#### [TASK]
In the copy, keep every word of the data below and none of its pictures.
━━ INFORMATION SHOWN ━━
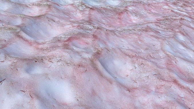 “Puede que sea agosto, pero todavía hay un montón de nieve y hielo por encima de 2.895 metros. Si miras de cerca en la primera imagen puedes notar una ligera coloración rojiza de la nieve. La segunda imagen es un ejemplo cercano de la coloración, te has preguntado ¿qué es?”, inicia el escrito.
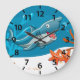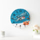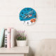 Ilustração gráfica aquática de um tubarão fofo num relógio de parede. ©2015charmanepaulson
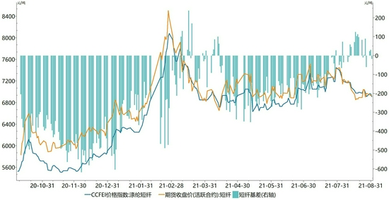 2021年以来,短纤价格除了在2月份曾经一度大幅上涨,其余时间长期趋弱。8月份,现货和期货价格大幅下挫,期货价格跌幅相对更大,短纤期货从上市以来持续高升水结构已经转变为期货贴水,期货高估值的情况发生了实质性的改变。
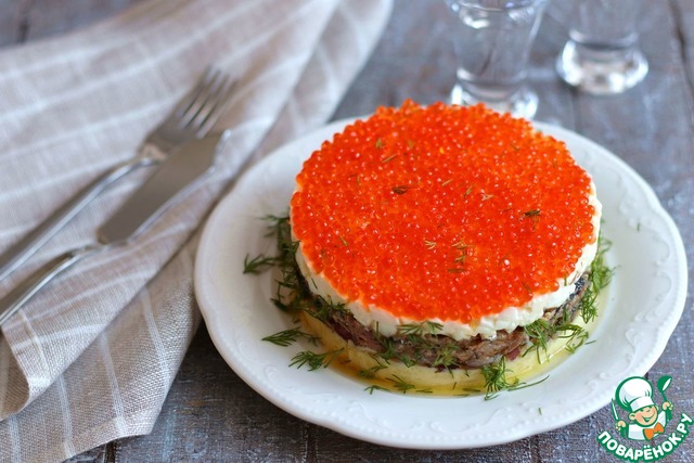 Попалась мне на глаза в продаже форель, как пояснил продавец, по внешнему виду напоминает кумжу. При разделке рыбки, она оказалась вся с икрой. Икорку я благополучно засолила и как вариант, решила приготовить вот такой вкусный салатик. Заходите на страничку рецепта, возможно этот салат, с использованием в рецепте красной икры, вам, уважаемые поварята, придется по вкусу.
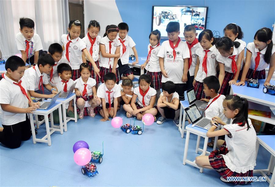 Hefei, 06/07/2018(El Pueblo en Línea) -El 4 de julio de 2018 tuvo lugar una competencia de robots en la escuela primaria Zhongming en el distrito Yi'an de Tongling, provincia de Anhui, este de China. Los ni?os participan en diversas actividades durante las vacaciones de verano. (Xinhua / Guo Shining)
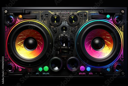 Fototapeta premium Colorful retro boombox with vibrant speakers and controls
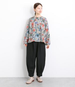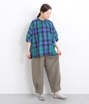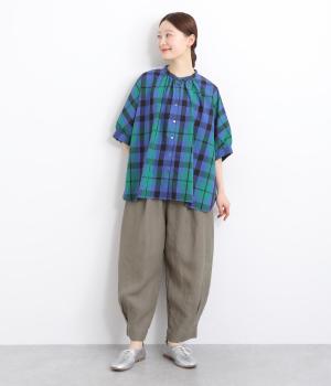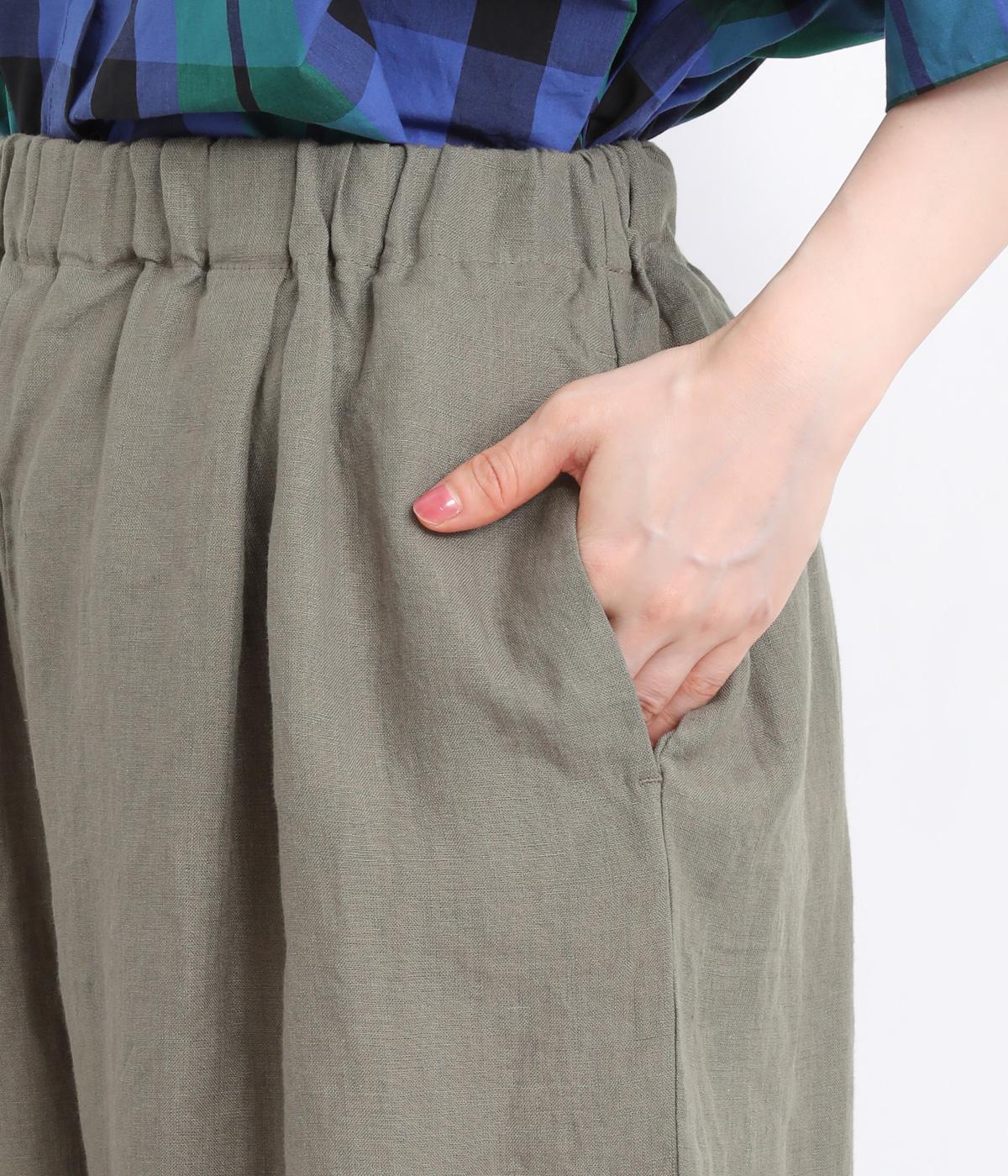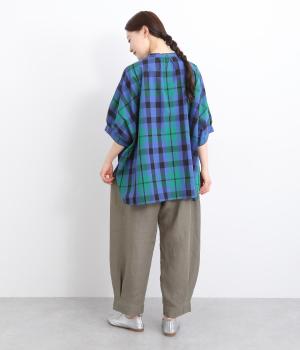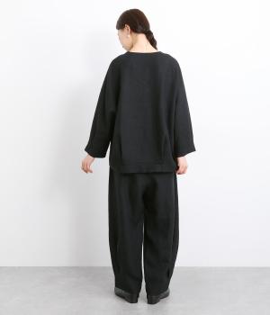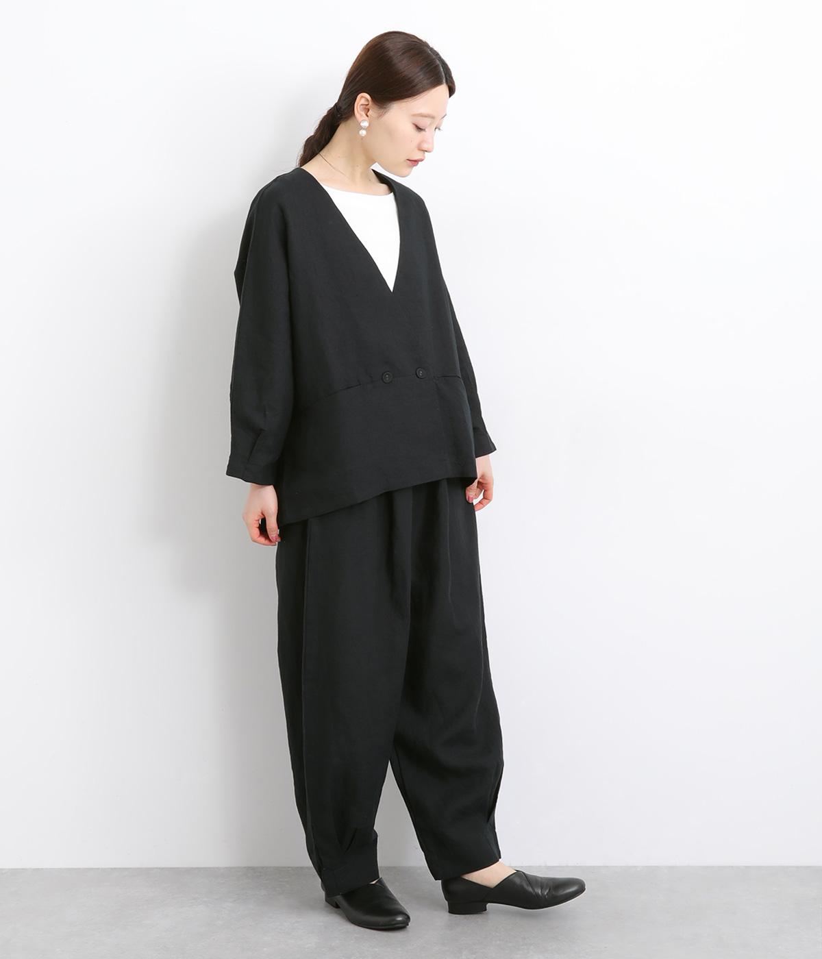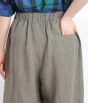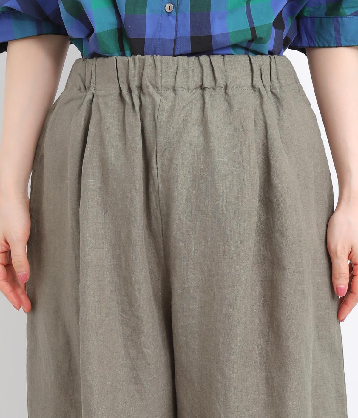ワタリ幅をゆったりとり。裾タックで立体感をつけたコクーンシルエットパンツです。裾カフスのようにみせてすっきりとシューズ合わせしやすい丈感にこだわりました。ウエストは総ゴムに内紐つきでフィット感も◎。
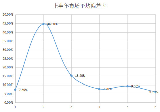 圖2 2020年1-6月份市場(chǎng)平均偏差率
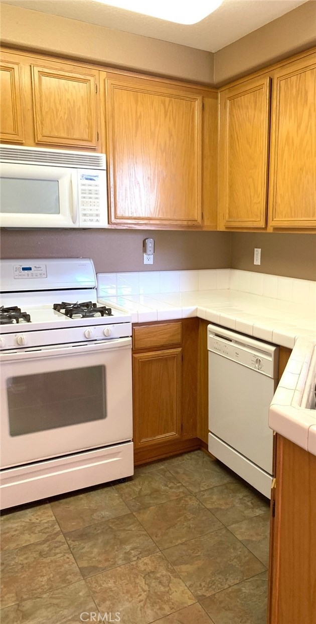 Affordable living at its best! Welcome to Montego Bay! A gated resort style condominium community. Montego Bay boasts lush tropical landscaping, large resort style pool & spas, bar-b-que picnic area and a tot lot. This beautiful corner unit shows pride of ownership and is move in ready! Enjoy evenings on the balcony or next to your living room fireplace. The main floor living space is located on the upper level with open concept living room and dining room, high ceilings, custom paint colors and lots of natural lighting. Enter the kitchen through the arch entry where you will find ample cabinetry, functional counter space, tile flooring and tile counter tops. The master bedroom is bright and spacious with a master bathroom en suite, dual vanity sinks, tub/shower combo, tile flooring and a walk in closet. The guest bedroom is light & bright with an adjacent full bathroom. There is direct access to the attached one car garage with automatic garage door opener. Centrally located to freeways, schools & shopping, Temecula Wine Country plus LOW TAXES!
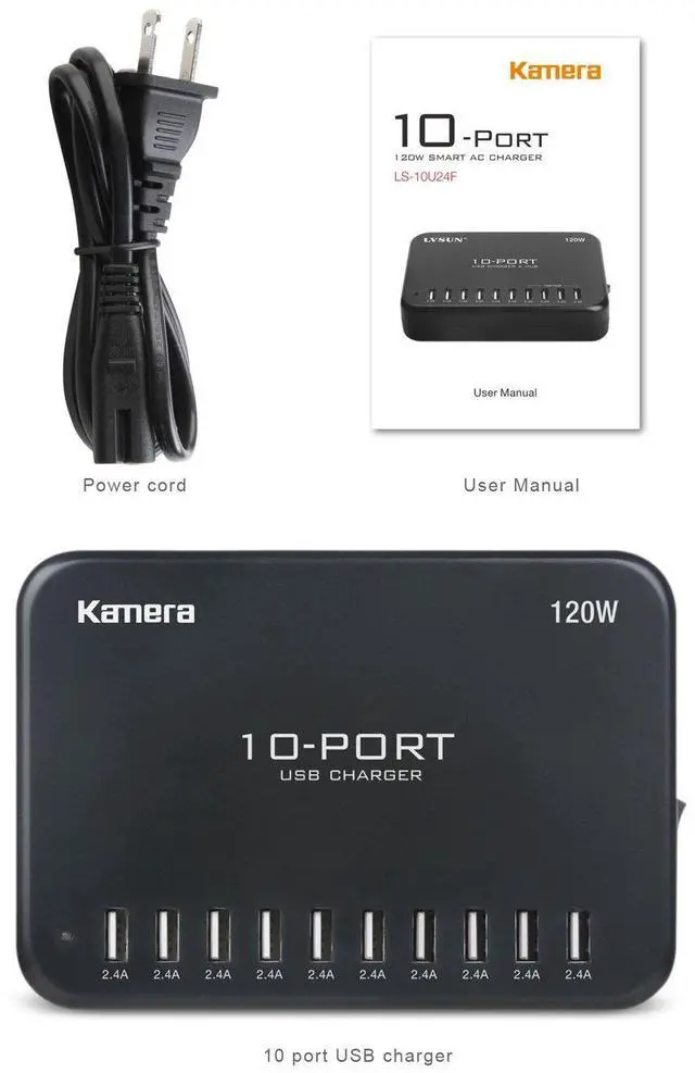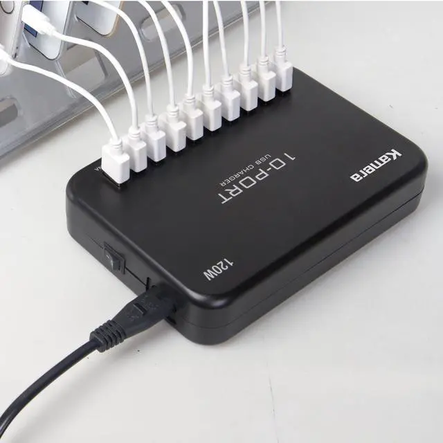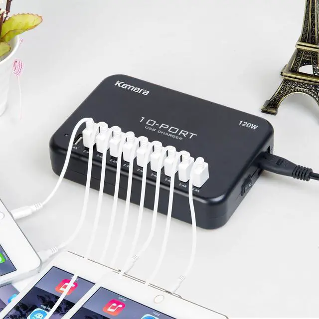 120 Watt 10 ports USB Charger, your ultimate choice for a heavy duty USB Hub Charging Station. It works for iPhone 7 / 6s / Plus, iPad Pro / Air 2 / mini, Galaxy S7 / S6 / Edge / Plus, Note 5 / 4 and More. Enabling simultaneous 10 devices charging….
━━━
#### [THE COMPLETED TASK]
 “Puede que sea agosto, pero todavía hay un montón de nieve y hielo por encima de 2.895 metros. Si miras de cerca en la primera imagen puedes notar una ligera coloración rojiza de la nieve. La segunda imagen es un ejemplo cercano de la coloración, te has preguntado ¿qué es?”, inicia el escrito.
 Ilustração gráfica aquática de um tubarão fofo num relógio de parede. ©2015charmanepaulson
 2021年以来,短纤价格除了在2月份曾经一度大幅上涨,其余时间长期趋弱。8月份,现货和期货价格大幅下挫,期货价格跌幅相对更大,短纤期货从上市以来持续高升水结构已经转变为期货贴水,期货高估值的情况发生了实质性的改变。
 Попалась мне на глаза в продаже форель, как пояснил продавец, по внешнему виду напоминает кумжу. При разделке рыбки, она оказалась вся с икрой. Икорку я благополучно засолила и как вариант, решила приготовить вот такой вкусный салатик. Заходите на страничку рецепта, возможно этот салат, с использованием в рецепте красной икры, вам, уважаемые поварята, придется по вкусу.
 Hefei, 06/07/2018(El Pueblo en Línea) -El 4 de julio de 2018 tuvo lugar una competencia de robots en la escuela primaria Zhongming en el distrito Yi'an de Tongling, provincia de Anhui, este de China. Los ni?os participan en diversas actividades durante las vacaciones de verano. (Xinhua / Guo Shining)
 Fototapeta premium Colorful retro boombox with vibrant speakers and controls
ワタリ幅をゆったりとり。裾タックで立体感をつけたコクーンシルエットパンツです。裾カフスのようにみせてすっきりとシューズ合わせしやすい丈感にこだわりました。ウエストは総ゴムに内紐つきでフィット感も◎。
 圖2 2020年1-6月份市場(chǎng)平均偏差率
 Affordable living at its best! Welcome to Montego Bay! A gated resort style condominium community. Montego Bay boasts lush tropical landscaping, large resort style pool & spas, bar-b-que picnic area and a tot lot. This beautiful corner unit shows pride of ownership and is move in ready! Enjoy evenings on the balcony or next to your living room fireplace. The main floor living space is located on the upper level with open concept living room and dining room, high ceilings, custom paint colors and lots of natural lighting. Enter the kitchen through the arch entry where you will find ample cabinetry, functional counter space, tile flooring and tile counter tops. The master bedroom is bright and spacious with a master bathroom en suite, dual vanity sinks, tub/shower combo, tile flooring and a walk in closet. The guest bedroom is light & bright with an adjacent full bathroom. There is direct access to the attached one car garage with automatic garage door opener. Centrally located to freeways, schools & shopping, Temecula Wine Country plus LOW TAXES!
 120 Watt 10 ports USB Charger, your ultimate choice for a heavy duty USB Hub Charging Station. It works for iPhone 7 / 6s / Plus, iPad Pro / Air 2 / mini, Galaxy S7 / S6 / Edge / Plus, Note 5 / 4 and More. Enabling simultaneous 10 devices charging….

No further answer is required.